#### AVAILABLE RECORDS:
◇ ◇ ◇ ◇ ◇
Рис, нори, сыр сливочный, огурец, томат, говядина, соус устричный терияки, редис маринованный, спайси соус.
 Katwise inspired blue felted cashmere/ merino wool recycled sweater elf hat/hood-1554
◇ ◇ ◇ ◇ ◇
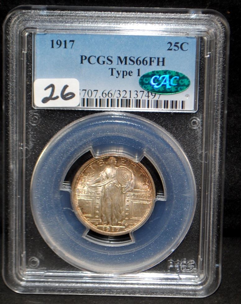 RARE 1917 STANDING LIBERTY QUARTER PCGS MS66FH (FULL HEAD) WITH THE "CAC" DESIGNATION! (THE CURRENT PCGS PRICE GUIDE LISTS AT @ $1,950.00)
◇ ◇ ◇ ◇ ◇
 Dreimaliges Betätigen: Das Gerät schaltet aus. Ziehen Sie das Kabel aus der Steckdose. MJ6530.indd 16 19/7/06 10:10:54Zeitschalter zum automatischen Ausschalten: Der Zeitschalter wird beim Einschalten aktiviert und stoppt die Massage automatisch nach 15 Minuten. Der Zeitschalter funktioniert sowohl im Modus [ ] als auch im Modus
◇ ◇ ◇ ◇ ◇
#### WORK ITEM:
Look above for the line holding "Рис, нори, сыр" and the line holding "Katwise inspired blue", then output exactly those two lines and every line between them, nothing more.

#### PROBLEM SOLUTION:
Рис, нори, сыр сливочный, огурец, томат, говядина, соус устричный терияки, редис маринованный, спайси соус.
 Katwise inspired blue felted cashmere/ merino wool recycled sweater elf hat/hood-1554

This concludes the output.